Parameters: scale (float) – A scalar multiplier Tensor. 0.0 disables the regularizer. Returns: Return type: A function with signature lo(weights, name=None) that apply Lo regularization. Raises: ValueError : If scale is outside of the range [0.0, 1.0] or if scale is not a float.
-
tensorlayer.cost.
maxnorm_o_regularizer
(scale)[source]¶ Max-norm output regularization removes the neurons of current layer. Returns a function that can be used to apply max-norm regularization to each column of weight matrix. The implementation follows TensorFlow contrib.
Parameters: scale (float) – A scalar multiplier Tensor. 0.0 disables the regularizer. Returns: Return type: A function with signature mn_o(weights, name=None) that apply Lo regularization. Raises: ValueError : If scale is outside of the range [0.0, 1.0] or if scale is not a float.
-
tensorlayer.cost.
maxnorm_i_regularizer
(scale)[source]¶ Max-norm input regularization removes the neurons of previous layer. Returns a function that can be used to apply max-norm regularization to each row of weight matrix. The implementation follows TensorFlow contrib.
Parameters: scale (float) – A scalar multiplier Tensor. 0.0 disables the regularizer. Returns: Return type: A function with signature mn_i(weights, name=None) that apply Lo regularization.

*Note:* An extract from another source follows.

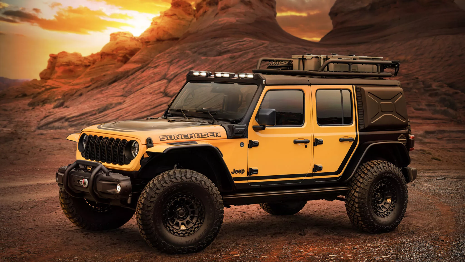 The Sunchaser, based on the Wrangler 4xe Rubicon, is outfitted for sunup-to-sundown adventures. Side-mounted storage boxes recall those seen on old-school Land Rovers, and the 2-inch lift accommodates 37-inch BFGoodrich KM3 tires. Lighting upgrades include a roof rack system and Mopar’s “ILLUMINAT3” pivoting light bar—clearly a concept piece but perhaps hinting at production.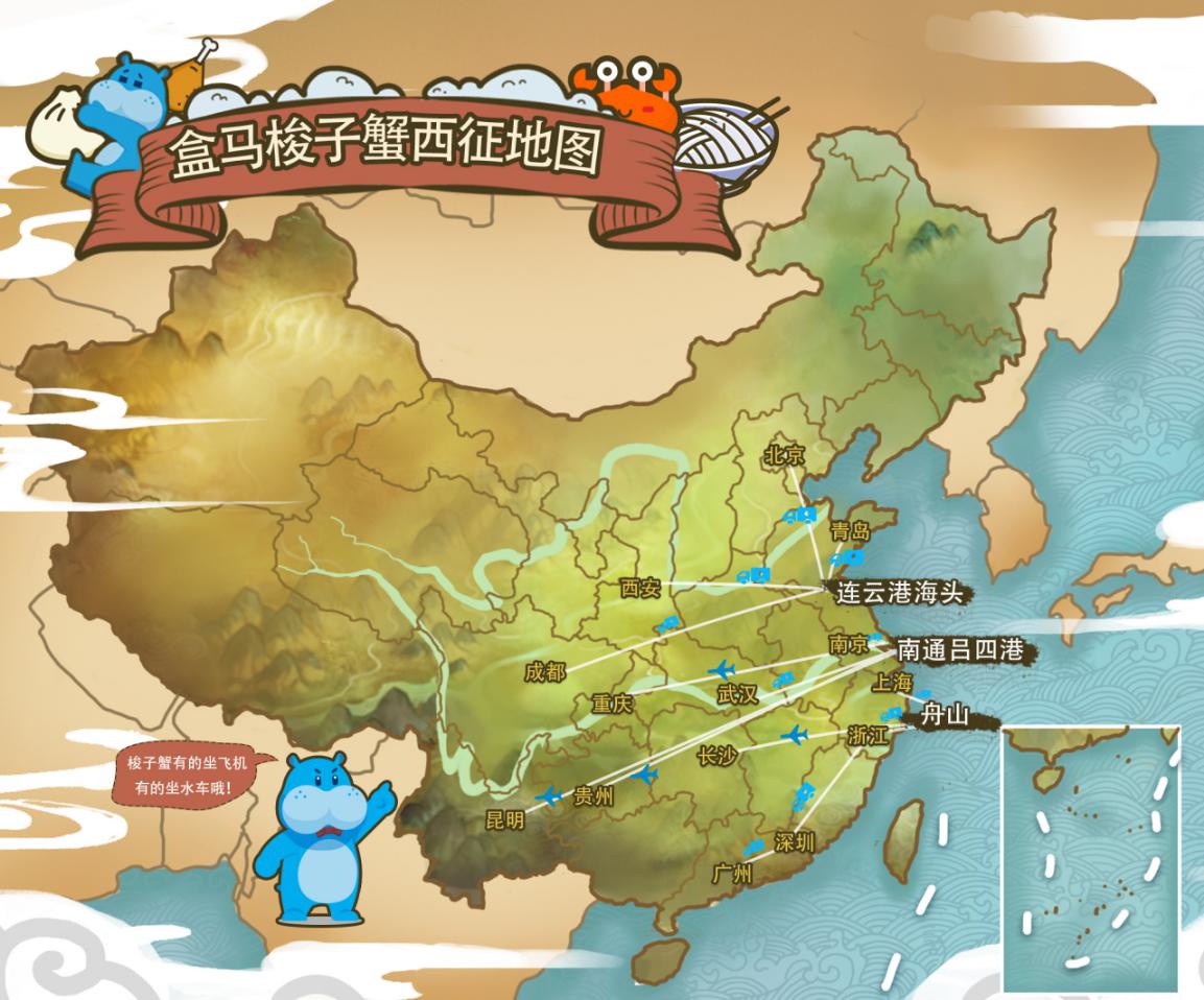 除了浙江舟山,盒馬還在在江蘇呂四、連云港分別設立了直采基地和純海水恒溫暫養(yǎng)倉,每個暫養(yǎng)倉可以容納5萬斤的梭子蟹和皮皮蝦,可以滿足2 -3天的海鮮供應量,并根據(jù)空間距離、物流干線等因素,來調撥供應近20個城市的門店,提升海鮮的鮮活度。

Raises: ValueError : If scale is outside of the range [0.0, 1.0] or if scale is not a float.
Huber Loss¶
-
tensorlayer.cost.
huber_loss
(output, target, is_mean=True, delta=1.0, dynamichuber=False, reverse=False, axis=-1, epsilon=1e-05, name=None)[source]¶ Huber Loss operation, see
https://en.wikipedia.org/wiki/Huber_loss
. Reverse Huber Loss operation, see ‘’https://statweb.stanford.edu/~owen/reports/hhu.pdf’‘. Dynamic Reverse Huber Loss operation, see ‘’https://arxiv.org/pdf/1606.00373.pdf’‘.Parameters: - output (Tensor) – A distribution with shape: [batch_size, ….], (any dimensions).
- target (Tensor) – The target distribution, format the same with output.
- is_mean (boolean) – Whether compute the mean or sum for each example.
- If True, use
tf.reduce_mean
to compute the loss between one target and predict data (default). - If False, usetf.reduce_sum
. - delta (float) – The point where the huber loss function changes from a quadratic to linear.
- dynamichuber (boolean) – Whether compute the coefficient c for each batch. - If True, c is 20% of the maximal per-batch error. - If False, c is delta.
- reverse (boolean) – Whether compute the reverse huber loss.
- axis (int or list of int) – The dimensions to reduce.
- epsilon – Eplison.
- name (string) – Name of this loss.